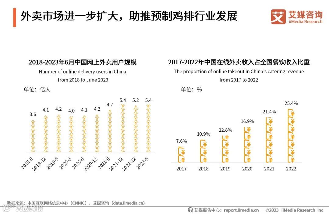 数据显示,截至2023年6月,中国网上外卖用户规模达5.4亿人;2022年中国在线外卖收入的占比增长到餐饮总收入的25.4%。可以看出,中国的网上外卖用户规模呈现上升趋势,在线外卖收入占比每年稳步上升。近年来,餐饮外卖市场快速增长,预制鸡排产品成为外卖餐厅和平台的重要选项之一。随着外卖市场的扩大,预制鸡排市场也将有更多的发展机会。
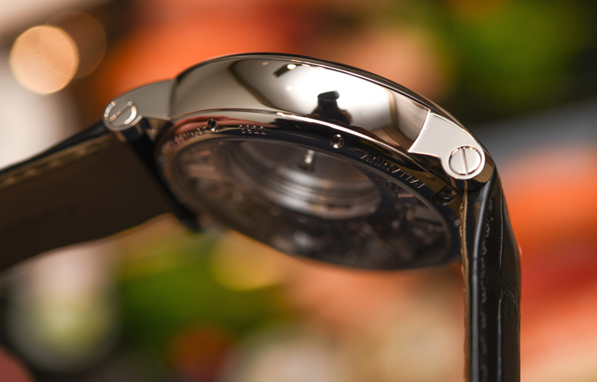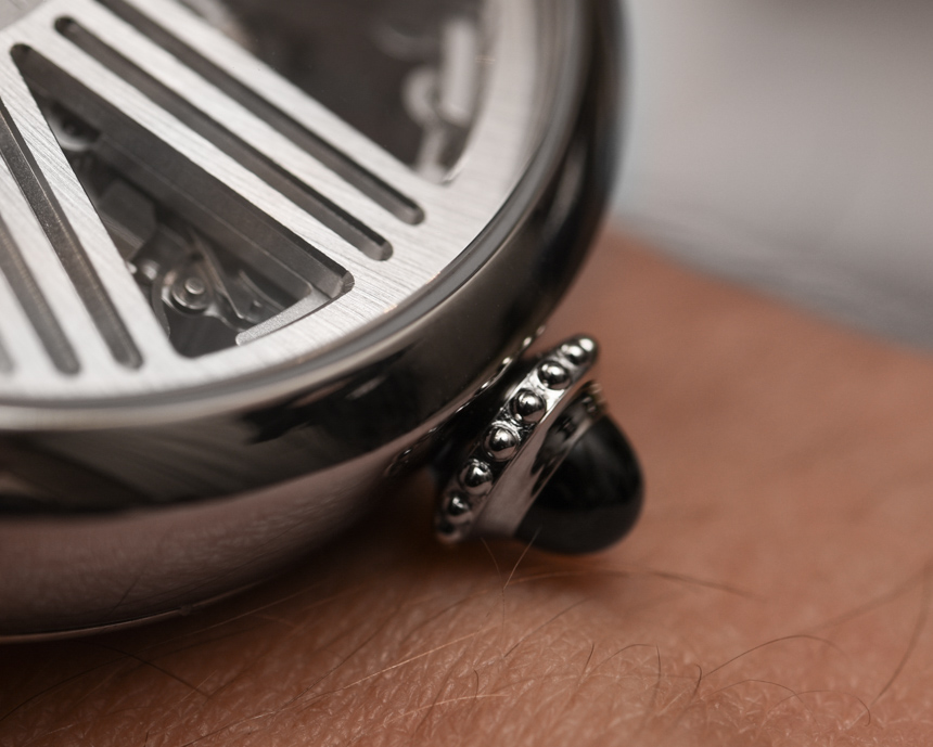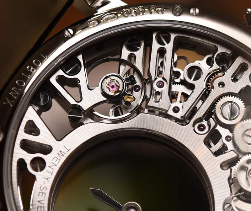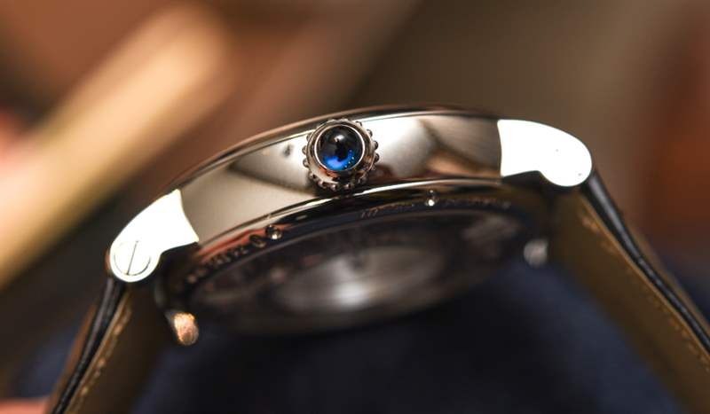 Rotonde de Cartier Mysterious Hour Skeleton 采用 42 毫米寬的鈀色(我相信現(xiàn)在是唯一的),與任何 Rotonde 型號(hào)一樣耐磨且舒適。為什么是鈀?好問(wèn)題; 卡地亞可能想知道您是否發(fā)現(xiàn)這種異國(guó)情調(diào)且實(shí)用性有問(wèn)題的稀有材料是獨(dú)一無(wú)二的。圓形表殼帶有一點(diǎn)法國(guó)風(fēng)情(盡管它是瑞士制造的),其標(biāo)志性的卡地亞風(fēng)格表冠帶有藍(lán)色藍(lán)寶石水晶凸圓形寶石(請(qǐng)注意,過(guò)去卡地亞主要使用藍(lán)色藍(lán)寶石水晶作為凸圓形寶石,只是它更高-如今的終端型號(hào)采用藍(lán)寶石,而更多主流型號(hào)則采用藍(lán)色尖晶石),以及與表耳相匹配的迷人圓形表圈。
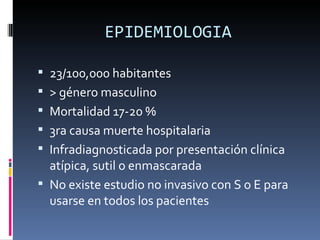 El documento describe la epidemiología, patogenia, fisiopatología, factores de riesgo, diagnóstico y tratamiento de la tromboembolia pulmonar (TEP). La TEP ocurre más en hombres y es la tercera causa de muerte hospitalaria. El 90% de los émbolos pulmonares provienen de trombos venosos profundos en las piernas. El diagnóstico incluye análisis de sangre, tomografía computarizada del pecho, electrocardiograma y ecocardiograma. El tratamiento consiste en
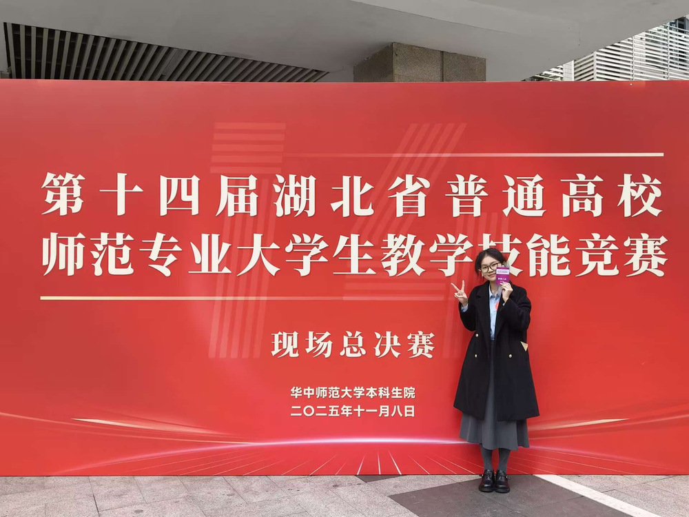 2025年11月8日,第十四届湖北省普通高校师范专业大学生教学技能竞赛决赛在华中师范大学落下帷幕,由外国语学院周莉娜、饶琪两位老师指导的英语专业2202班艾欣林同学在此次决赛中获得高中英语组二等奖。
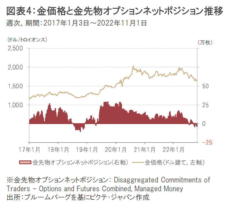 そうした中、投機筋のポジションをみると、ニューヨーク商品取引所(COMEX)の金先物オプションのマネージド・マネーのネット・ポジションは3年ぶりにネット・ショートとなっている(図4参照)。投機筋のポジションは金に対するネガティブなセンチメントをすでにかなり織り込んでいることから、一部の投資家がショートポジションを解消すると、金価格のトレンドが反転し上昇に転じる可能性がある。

■ ■ ■ ■

What you are asked to do » The reply must hold every line above exactly as written and none of the pictures.

Exercise output »
 数据显示,截至2023年6月,中国网上外卖用户规模达5.4亿人;2022年中国在线外卖收入的占比增长到餐饮总收入的25.4%。可以看出,中国的网上外卖用户规模呈现上升趋势,在线外卖收入占比每年稳步上升。近年来,餐饮外卖市场快速增长,预制鸡排产品成为外卖餐厅和平台的重要选项之一。随着外卖市场的扩大,预制鸡排市场也将有更多的发展机会。
 Rotonde de Cartier Mysterious Hour Skeleton 采用 42 毫米寬的鈀色(我相信現(xiàn)在是唯一的),與任何 Rotonde 型號(hào)一樣耐磨且舒適。為什么是鈀?好問(wèn)題; 卡地亞可能想知道您是否發(fā)現(xiàn)這種異國(guó)情調(diào)且實(shí)用性有問(wèn)題的稀有材料是獨(dú)一無(wú)二的。圓形表殼帶有一點(diǎn)法國(guó)風(fēng)情(盡管它是瑞士制造的),其標(biāo)志性的卡地亞風(fēng)格表冠帶有藍(lán)色藍(lán)寶石水晶凸圓形寶石(請(qǐng)注意,過(guò)去卡地亞主要使用藍(lán)色藍(lán)寶石水晶作為凸圓形寶石,只是它更高-如今的終端型號(hào)采用藍(lán)寶石,而更多主流型號(hào)則采用藍(lán)色尖晶石),以及與表耳相匹配的迷人圓形表圈。
 El documento describe la epidemiología, patogenia, fisiopatología, factores de riesgo, diagnóstico y tratamiento de la tromboembolia pulmonar (TEP). La TEP ocurre más en hombres y es la tercera causa de muerte hospitalaria. El 90% de los émbolos pulmonares provienen de trombos venosos profundos en las piernas. El diagnóstico incluye análisis de sangre, tomografía computarizada del pecho, electrocardiograma y ecocardiograma. El tratamiento consiste en
 2025年11月8日,第十四届湖北省普通高校师范专业大学生教学技能竞赛决赛在华中师范大学落下帷幕,由外国语学院周莉娜、饶琪两位老师指导的英语专业2202班艾欣林同学在此次决赛中获得高中英语组二等奖。
 そうした中、投機筋のポジションをみると、ニューヨーク商品取引所(COMEX)の金先物オプションのマネージド・マネーのネット・ポジションは3年ぶりにネット・ショートとなっている(図4参照)。投機筋のポジションは金に対するネガティブなセンチメントをすでにかなり織り込んでいることから、一部の投資家がショートポジションを解消すると、金価格のトレンドが反転し上昇に転じる可能性がある。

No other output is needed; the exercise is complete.